Social fatalism | THE DAILY

by time news

2024-01-14 20:53:00

In Greece, the tradition of avoiding – at all costs – individual and collective responsibilities, both at the level of society and at the level of institutions, has led to the mentality of the “bad moment”: “We couldn’t know it”, “we couldn’t predict’, ‘unfortunately, things could not have turned out differently’. Our attitude towards crime is largely fatalistic, which serves both the goal of abdication and our Mediterranean temperament. So blowing the whistle nonchalantly before and during the great evil, waiting for it to finally happen so we can cry with ostentatious drama afterwards, has fit us like a temperamental glove. Except that in cases like the 41-year-old pregnant woman who was murdered by her partner in Thessaloniki, the trick doesn’t work. History is too heavy to throw it all into our comfortable ignorance.
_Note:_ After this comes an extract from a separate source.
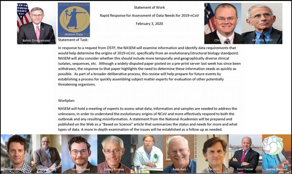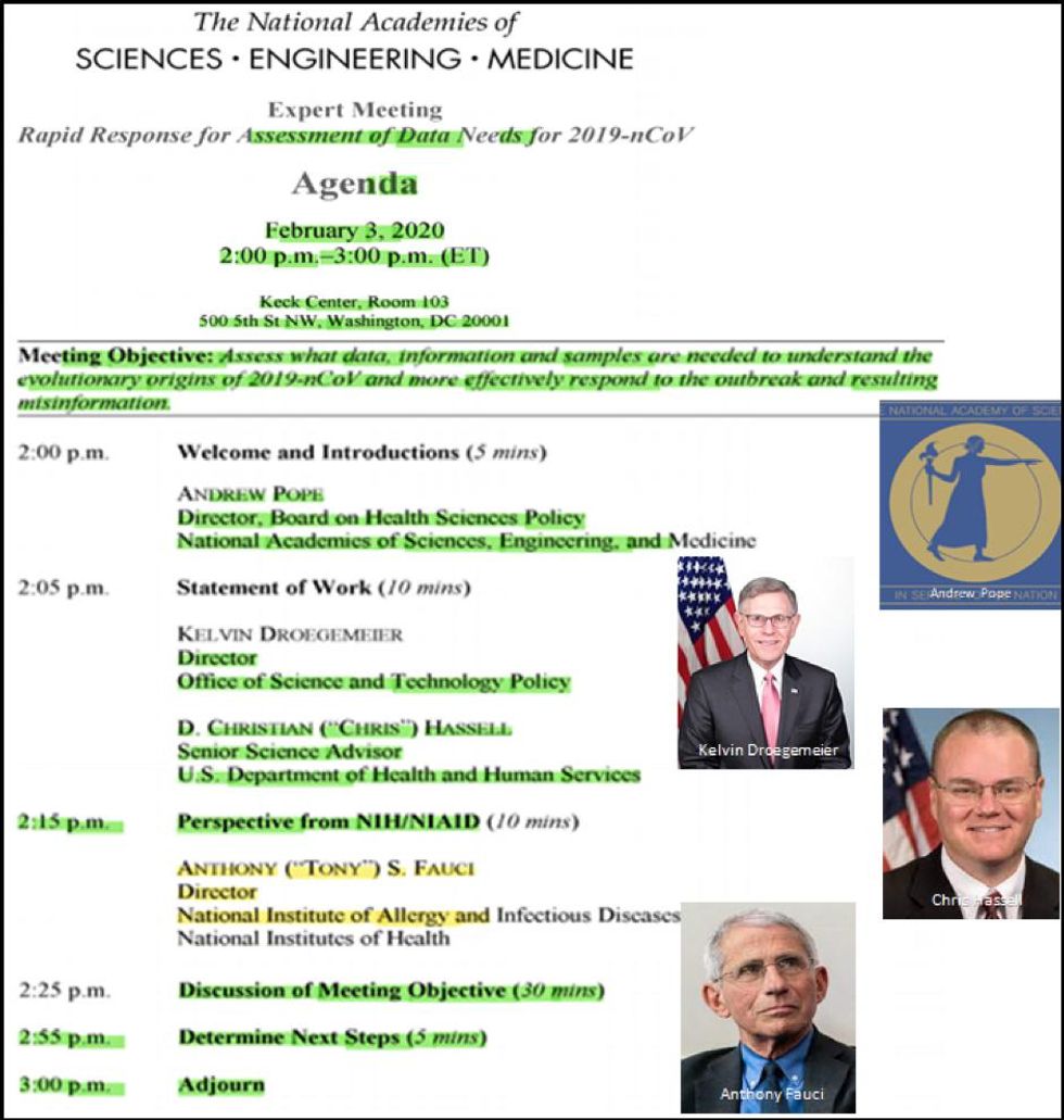 Note: NIAID Director Dr. Fauci coordinated this meeting with Kelvin Droegemeier, the presidential science adviser, and included WMD/PPP expert Chris Hassell and the National Academies' policy director, Alexander Pope.

The alleged perpetrator had convictions for serious crimes, while two of the complainants are his ex-wife and his own sister. The 39-year-old wasn’t just prone to flamboyance; he acted as if he wanted to get caught, or as if he knew he never would. The fact that he was free was the state’s way of rewarding him for what he did and, at the same time, a national normality.

Farewell to the state

Regarding this femicide, it is not very interesting to hear what the state has to say; at the end of a contest, you don’t ask the opinion of the one who stepped on it. The laws that do not correspond to the lived reality, the Justice that is cancerous with bureaucratic laziness and the police that are unable to organize themselves operationally and to diagnose the sense of urgency in everyday crime, have failed miserably in the protection of citizens and especially minorities. Women are really defenseless; if a person who systematically commits crimes against women is free to continue his activity without the slightest restraining interference from the state, then he can practically do anything. To finish unhindered what he starts and then stoically await his punishment (if it comes). Of more interest than that of the state would be the opinion of the staunch defenders of legal leniency: would it have been too much if the 39-year-old had been tried in time and severely punished for his crimes? Would he have been right-wing, reactionary and medievally anti-European if the state had restrained him before he went from beating to murder?

TV freaks

The attitude of the unrepentant television media, which for more than a week gave the alleged perpetrator a platform to portray his partner in despair, is also important; another long Greek tradition. Shows of unrecognizable nonsense blatantly ignore any ongoing police investigation, but also common experience, which throughout time indicates that in every case of disappearance, those close to the disappeared are considered suspects. They approach the victim’s partner as if he were their friend, treat him sympathetically, listen to his fabricated story as if it were valid testimony, and turn the crime into a theatrical act. However, the problem in this case is not only theoretically moral and aesthetic; it is completely practical: popular media shape the consciousness of vulnerable people, without access to more serious sources of information. Instead of deciphering the modus operandi of abusers for the benefit of the uninitiated, they are playing the first (with the indemnified) game and contributing to the ongoing social confusion about how abuse begins, escalates, and ends. We can complain about the situation, but we can’t wonder: femicides happen because there are people capable of carrying them out, but also people willing to roll out the red carpet for the criminals.